[Records drawn from a dataset]
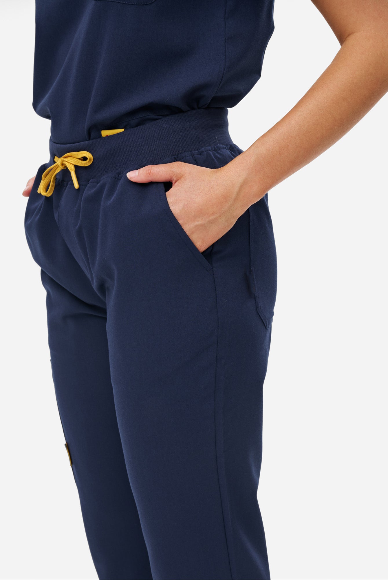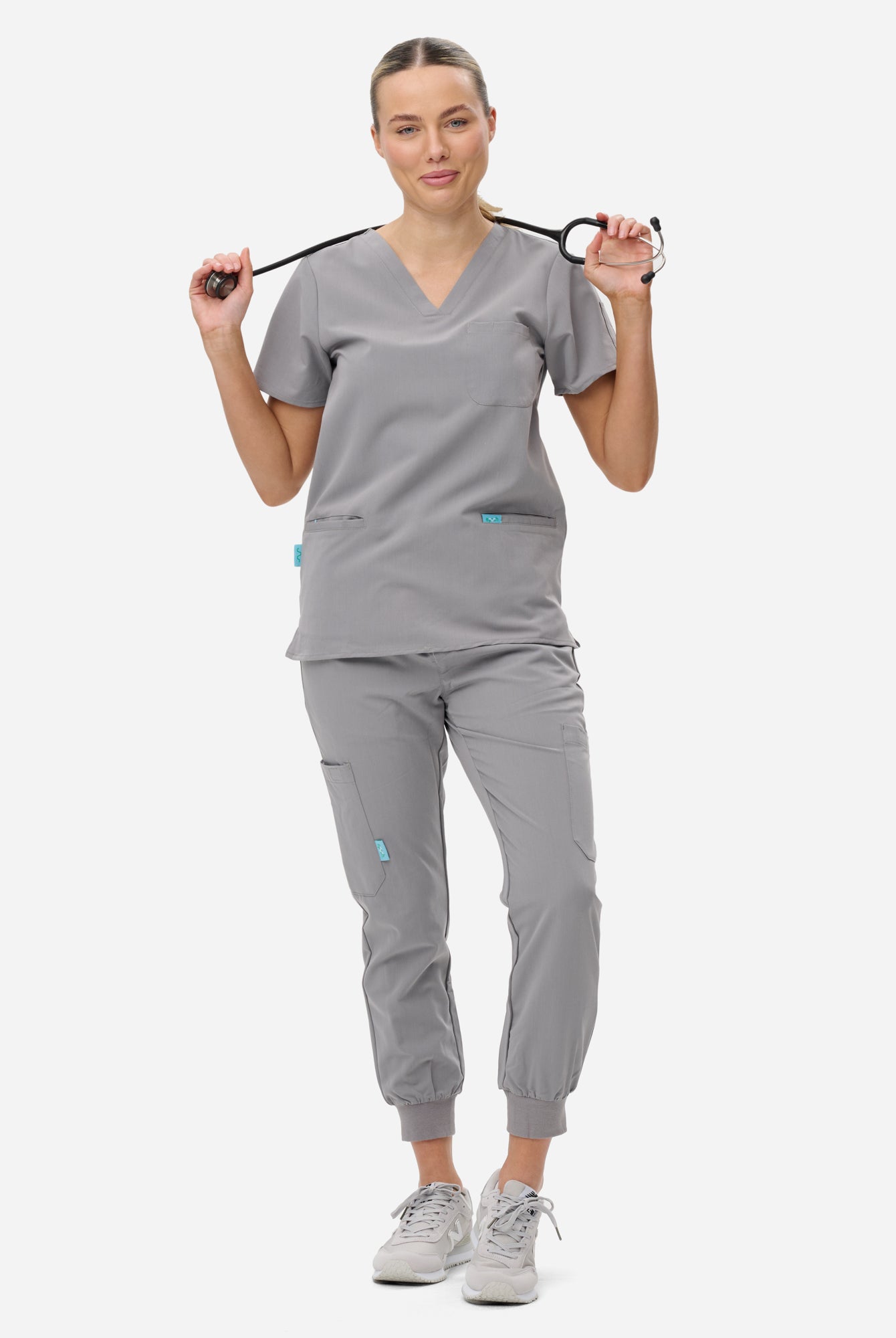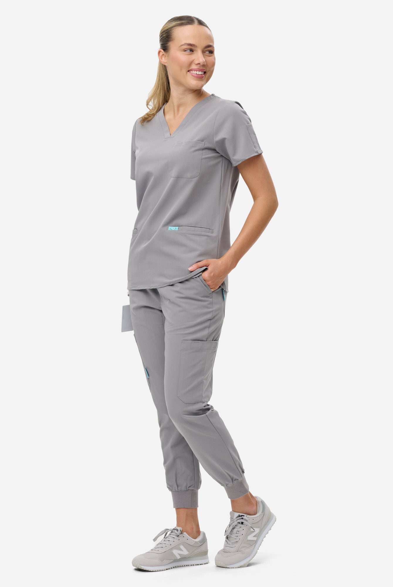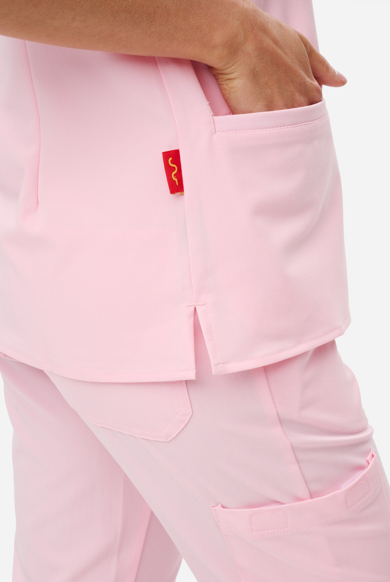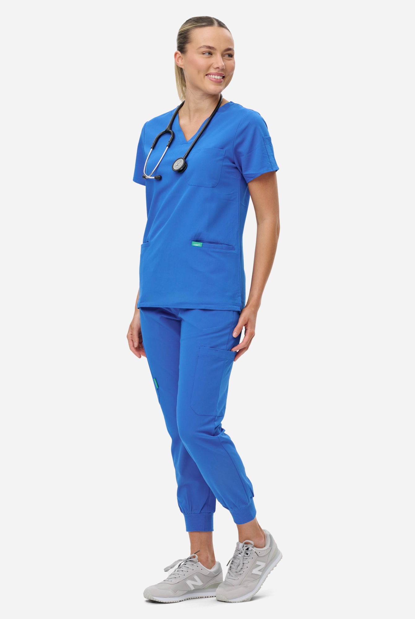 Experience unmatched comfort and durability with our Womens Scrub Jogger Pant from Epoch. Made with soft, stretchy fabric and featuring a convenient ring pocket inside the waistband and side pockets with velcro, these pants are designed for all-day wear. With a pop of color on the drawcord and cuffed legs, they are both stylish and long lasting. Upgrade your scrub game now.
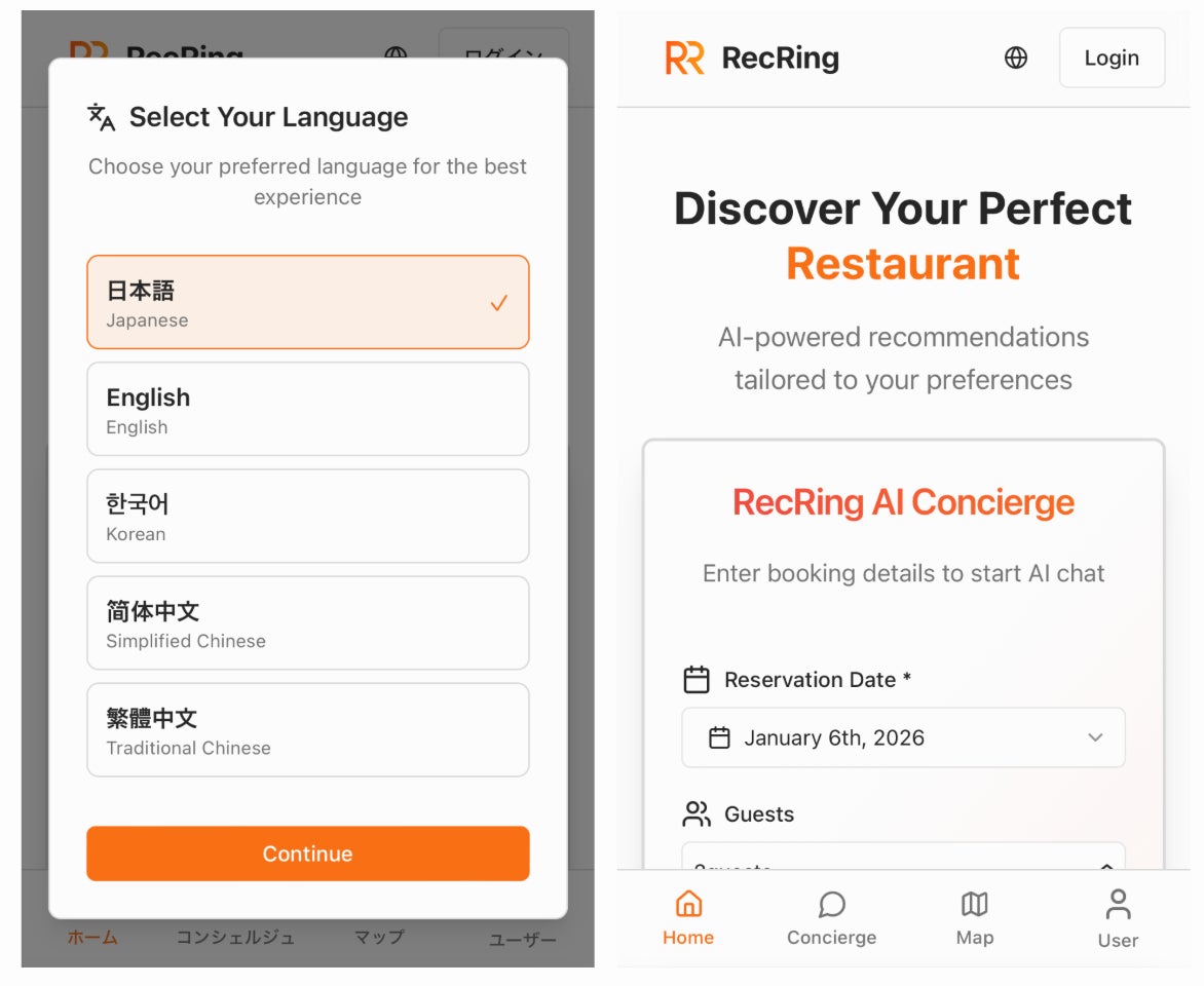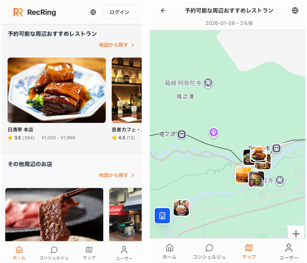 この度、インバウンド旅行者向けの飲食店AI予約サービス「RecRing」をリリースしました。旅行者は宿泊先のホテルの近くの飲食店や、自分の好みに合った飲食店を探すことができます。また、一部店舗では予約を行うことが可能となっております。
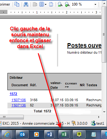 Avec le bouton gauche de la souris maintenu enfoncé, faites glisser la souris vers Excel.
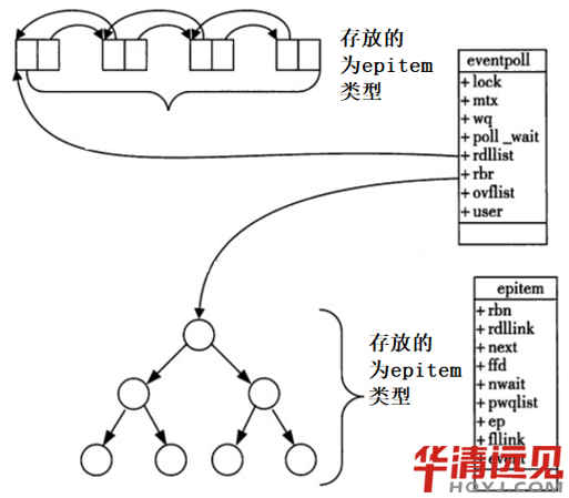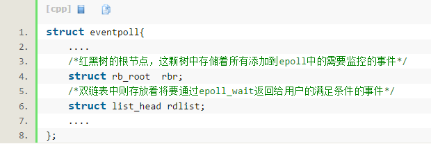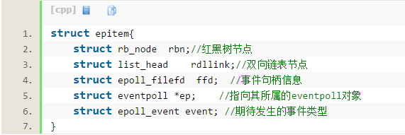 每一個(ge)epoll對象(xiang)都有一個(ge)獨(du)立(li)的eventpoll結構(gou)體(ti),用于(yu)存放通(tong)(tong)過epoll_ctl方法向epoll對象(xiang)中添加(jia)進來(lai)的事(shi)(shi)件。這些事(shi)(shi)件都會掛(gua)載在紅(hong)黑樹中,如此,重復(fu)添加(jia)的事(shi)(shi)件就可(ke)以通(tong)(tong)過紅(hong)黑樹而高效的識別出來(lai). 而所有添加到epoll中的事(shi)件都(dou)會(hui)與設備(網卡)驅(qu)動程(cheng)序(xu)建立回(hui)調(diao)(diao)關系,也就(jiu)是說,當相應的事(shi)件發(fa)生(sheng)時會(hui)調(diao)(diao)用這(zhe)個回(hui)調(diao)(diao)方法。這(zhe)個回(hui)調(diao)(diao)方法在內核中叫ep_poll_callback,它會(hui)將發(fa)生(sheng)的事(shi)件epitem添加到rdlist雙鏈表中。 在epoll中,對于每(mei)一個事件,都會(hui)建(jian)立一個epitem結構(gou)體,如下所示:
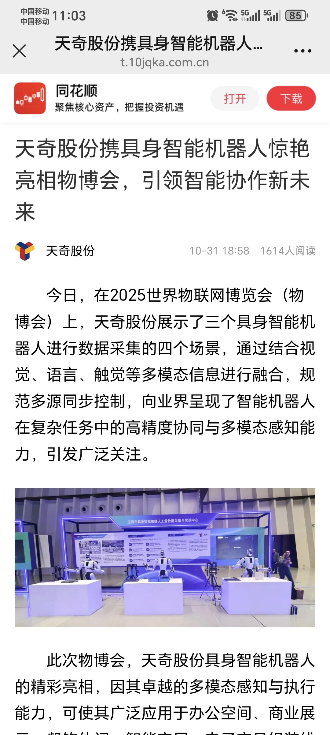 $天奇股份(SZ002009)$ 为制造业巨头富士康提供人形机器人,中国工业人形机器人龙头诞生了。
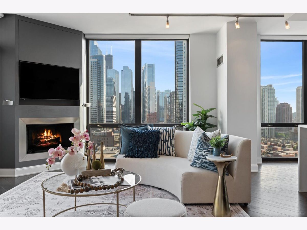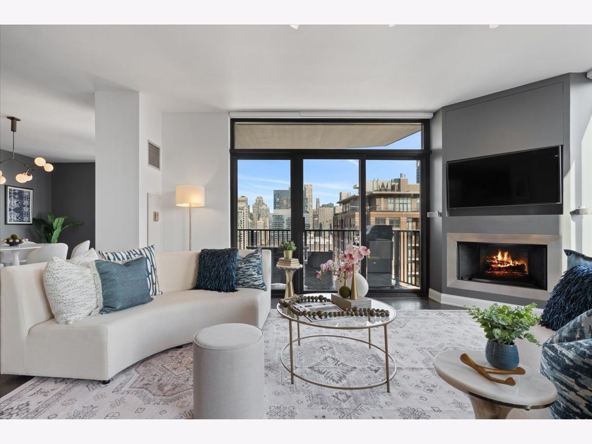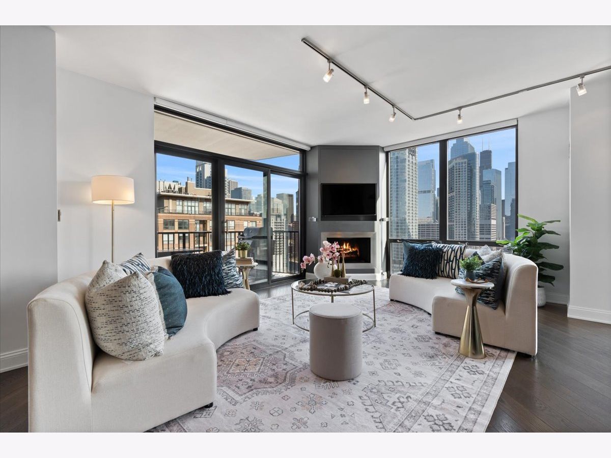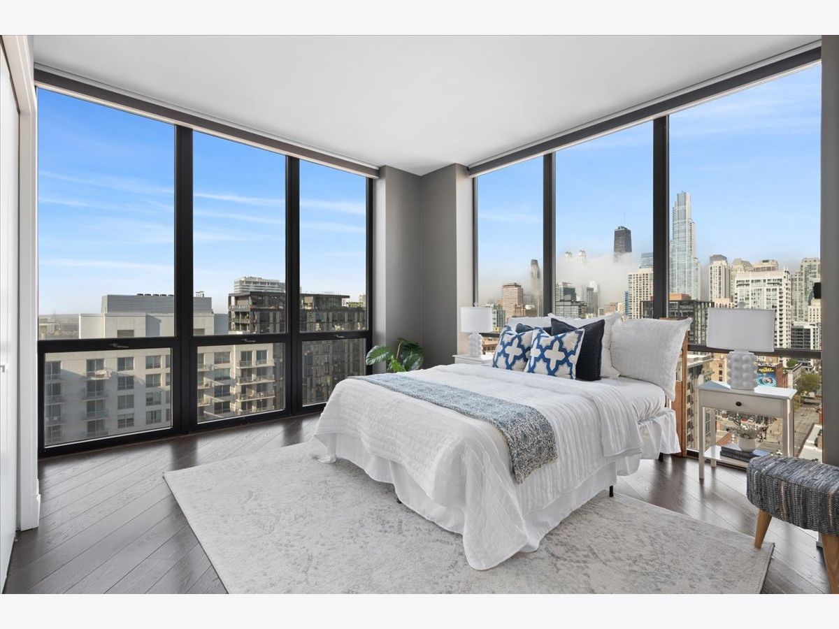 Experience refined luxury living at Erie Centre Tower in the heart of River North. This spectacular, fully gutted and meticulously redesigned residence offers approximately 3,000 square feet of sophisticated living space, spanning the entire east side of the building with breathtaking, unobstructed city views to the south, east, and north. Floor-to-ceiling windows flood the home with natural light, while two private balconies provide the perfect setting for morning coffee or evening entertaining. The expansive open-concept layout showcases a stunning chef's kitchen designed for both everyday living and effortless hosting, complemented by premium designer finishes and integrated smart home technology throughout. Every detail has been thoughtfully curated, including 6" Carlisle white oak flooring, custom closets, Hunter Douglas electronic shades, and designer lighting throughout. An additional living area featuring a wet bar and beverage center creates the ideal space for entertaining or relaxing in style. The luxurious primary suite offers a true retreat, complete with a spa-inspired bath featuring a soaking tub, walk-in shower with body sprays, rain shower, steam, and Robern mirrors with integrated lighting. Additional highlights include two heated, deeded, electric vehicle-ready parking spaces available for an additional $50,000 total. Erie Centre Tower offers full-service amenities including 24-hour door staff, a fitness center, and a rooftop sundeck. This is a rare opportunity to own a turnkey, designer-quality residence in one of River North's premier locations.
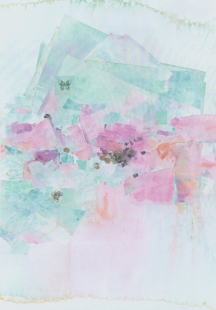综合材料绘画作品《晴春蝶戏图》
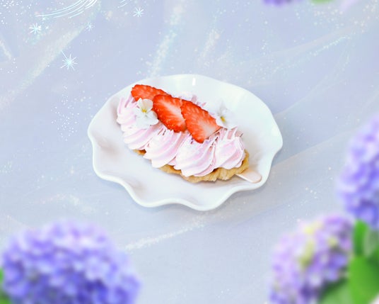 香ばしく焼き上げたクロッフルに、ホイップクリームとストロベリークリームを重ねたバイカラーが可愛らしい一皿。シンデレラに憧れたラビットをイメージしたバニラアイスに、ひらりと舞う蝶々のチョコレートが、幻想的な庭園の世界観を演出します。さらに、オリジナルジュレマカロンも添え、見た目も味わいも楽しめる華やかなプレートに仕上げました。物語の中に迷い込んだような、ときめきあふれるクロッフルプレートです。

#### Activity:
From the first line to the last, write out the data exactly, omitting any pictures.

#### Answer area:
 Experience unmatched comfort and durability with our Womens Scrub Jogger Pant from Epoch. Made with soft, stretchy fabric and featuring a convenient ring pocket inside the waistband and side pockets with velcro, these pants are designed for all-day wear. With a pop of color on the drawcord and cuffed legs, they are both stylish and long lasting. Upgrade your scrub game now.
 この度、インバウンド旅行者向けの飲食店AI予約サービス「RecRing」をリリースしました。旅行者は宿泊先のホテルの近くの飲食店や、自分の好みに合った飲食店を探すことができます。また、一部店舗では予約を行うことが可能となっております。
 Avec le bouton gauche de la souris maintenu enfoncé, faites glisser la souris vers Excel.
 每一個(ge)epoll對象(xiang)都有一個(ge)獨(du)立(li)的eventpoll結構(gou)體(ti),用于(yu)存放通(tong)(tong)過epoll_ctl方法向epoll對象(xiang)中添加(jia)進來(lai)的事(shi)(shi)件。這些事(shi)(shi)件都會掛(gua)載在紅(hong)黑樹中,如此,重復(fu)添加(jia)的事(shi)(shi)件就可(ke)以通(tong)(tong)過紅(hong)黑樹而高效的識別出來(lai). 而所有添加到epoll中的事(shi)件都(dou)會(hui)與設備(網卡)驅(qu)動程(cheng)序(xu)建立回(hui)調(diao)(diao)關系,也就(jiu)是說,當相應的事(shi)件發(fa)生(sheng)時會(hui)調(diao)(diao)用這(zhe)個回(hui)調(diao)(diao)方法。這(zhe)個回(hui)調(diao)(diao)方法在內核中叫ep_poll_callback,它會(hui)將發(fa)生(sheng)的事(shi)件epitem添加到rdlist雙鏈表中。 在epoll中,對于每(mei)一個事件,都會(hui)建(jian)立一個epitem結構(gou)體,如下所示:
 $天奇股份(SZ002009)$ 为制造业巨头富士康提供人形机器人,中国工业人形机器人龙头诞生了。
 Experience refined luxury living at Erie Centre Tower in the heart of River North. This spectacular, fully gutted and meticulously redesigned residence offers approximately 3,000 square feet of sophisticated living space, spanning the entire east side of the building with breathtaking, unobstructed city views to the south, east, and north. Floor-to-ceiling windows flood the home with natural light, while two private balconies provide the perfect setting for morning coffee or evening entertaining. The expansive open-concept layout showcases a stunning chef's kitchen designed for both everyday living and effortless hosting, complemented by premium designer finishes and integrated smart home technology throughout. Every detail has been thoughtfully curated, including 6" Carlisle white oak flooring, custom closets, Hunter Douglas electronic shades, and designer lighting throughout. An additional living area featuring a wet bar and beverage center creates the ideal space for entertaining or relaxing in style. The luxurious primary suite offers a true retreat, complete with a spa-inspired bath featuring a soaking tub, walk-in shower with body sprays, rain shower, steam, and Robern mirrors with integrated lighting. Additional highlights include two heated, deeded, electric vehicle-ready parking spaces available for an additional $50,000 total. Erie Centre Tower offers full-service amenities including 24-hour door staff, a fitness center, and a rooftop sundeck. This is a rare opportunity to own a turnkey, designer-quality residence in one of River North's premier locations.
综合材料绘画作品《晴春蝶戏图》
 香ばしく焼き上げたクロッフルに、ホイップクリームとストロベリークリームを重ねたバイカラーが可愛らしい一皿。シンデレラに憧れたラビットをイメージしたバニラアイスに、ひらりと舞う蝶々のチョコレートが、幻想的な庭園の世界観を演出します。さらに、オリジナルジュレマカロンも添え、見た目も味わいも楽しめる華やかなプレートに仕上げました。物語の中に迷い込んだような、ときめきあふれるクロッフルプレートです。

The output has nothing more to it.